Genome-scale determination of transcription start sites (TSSs)

Total RNA samples were isolated as described above. To enrich mRNA from the isolated total RNA samples, ribosomal RNA (rRNA) was removed by using MICROBExpress™ kit (Ambion) in accordance with the manufacturer's instructions35. To ligate 5′-RNA adapter (5′-GUUCAGAGAGUUCUACAGUCCGACGAUC) to the 5′-end of mRNA, the enriched mRNA samples were incubated with 100 μM of the adapter and 4 U of T4 RNA ligase (NEB). cDNAs were then synthesized from the adapter-ligated mRNA samples using random primers extended with 3′-adapter sequence (5′-CAAGCAGAAGACGGCATACGANNNNNNNNN). The mRNA samples were then reverse transcribed as described above to obtain cDNA samples. The cDNA samples were amplified using a mixture of 1 μL of the cDNA, 10 μL of Phusion HF buffer (NEB), 1 μL of dNTPs (10 mM), 1 μL SYBR green (Qiagen), 0.5 μL of HotStart Phusion (NEB), and 5 pmole of primer mix (5′-CAAGCAGAAGACGGCATACGA and 5′-AATGATACGGCGACCACCGACAGGTTCAGAGTTCTACAGTCCGA). The PCR mixture was denatured at 98 °C for 30 sec and cycled to 98 °C for 10 sec, 57 °C for 20 sec and 72 °C for 20 sec. The amplification was monitored on a LightCycler (BioRad) and stopped at the beginning of the saturation point. A fraction of the amplified DNA between 100 bp and 200 bp was then extracted from a 6% TBE gel after electrophoresis. Gel slices were dissolved in two volumes of EB buffer (Qiagen) and 1/10 volume of 3 M sodium acetate (pH 5.2). The amplified DNA was ethanol-precipitated and resuspended in EB buffer. A second PCR amplification was carried out to amplify the DNA libraries to a total final mass up to 1 μg with as few PCR cycles as possible. The final amplified DNA libraries were purified using QIAquick PCR purification column and eluted in 35 μl EB buffer. The samples were then quantitated on a NanoDrop 1000 spectrophotometer.

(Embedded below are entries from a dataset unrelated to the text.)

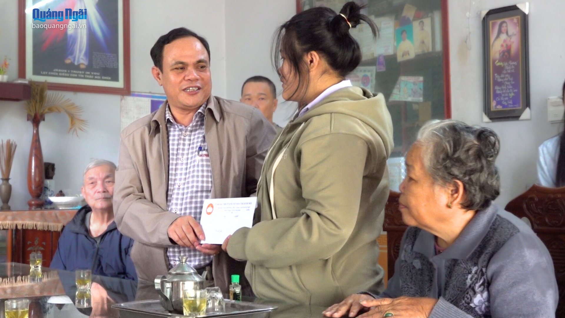 Đồng thời, trao hỗ trợ 25 triệu đồng cho gia đình chị Nguyễn Thị Chung (50 tuổi), ngụ thôn Tây, xã Sơn Tịnh, có người thiệt mạng do lũ lụt.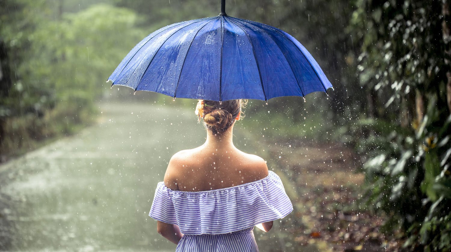 ![Зонтик под дождем]()
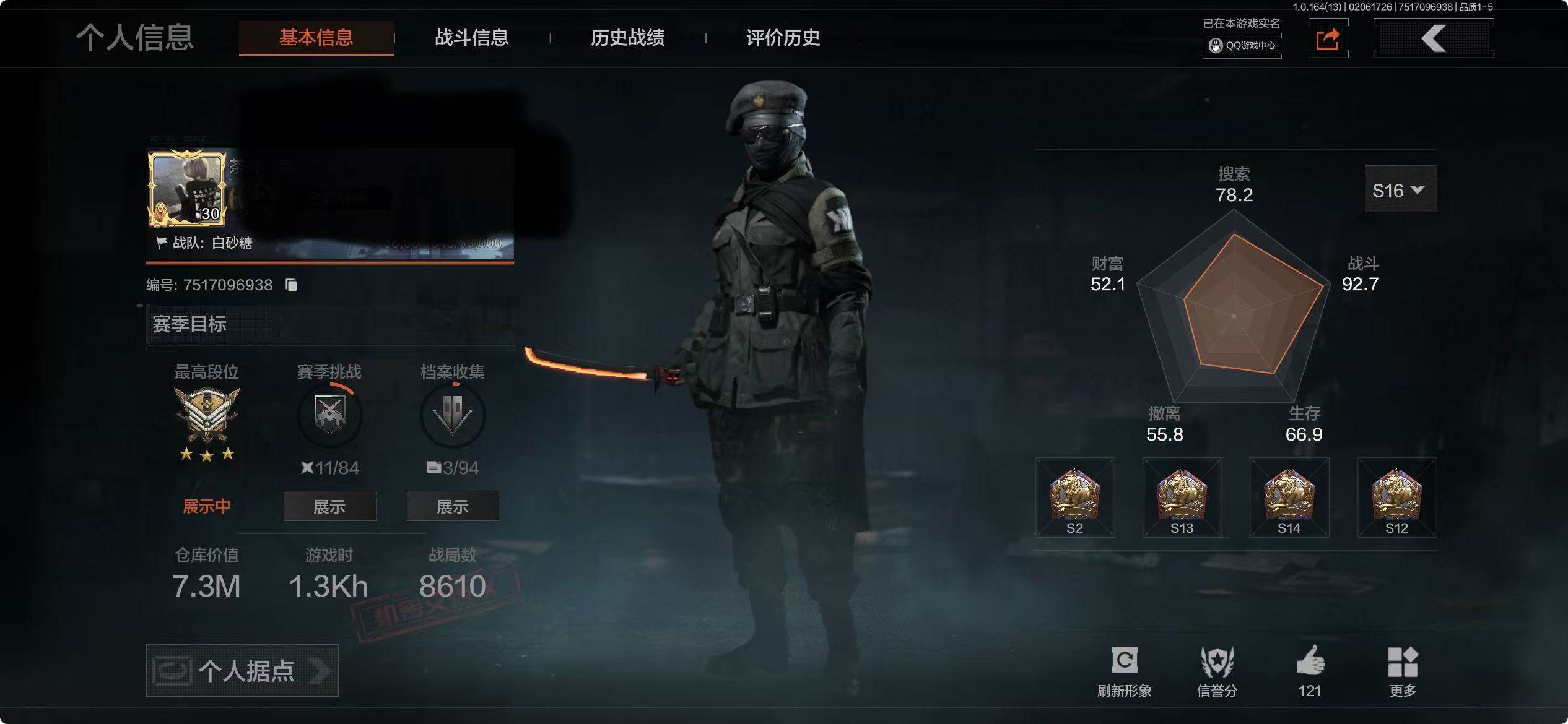 【C263745992】【AQN136】等级:30/段位:王牌/仓库价值(百万):7.3/工兵铲/突击匕首/热能武器补牢

Sequence data processing and mapping

Since sequence reads obtained from an Illumina Genome Analyzer become more error prone towards the 3′-end, all reads were truncated to 25 bp. These truncated reads were then aligned onto the E. coli MG1655 genome (NC_000913) using BLAT with the following arguments: stepsize = 1, tilesize = 12, minmatch = 1. Only reads that aligned to only one genomic location were retained. Finally, the genomic coordinate of the 5′-end of these uniquely aligned reads were defined as a TSS, which was then mapped onto 5′-end of the RNAP-guided transcript segments with the following criteria: window size = 200 bp, cutoff = 60%.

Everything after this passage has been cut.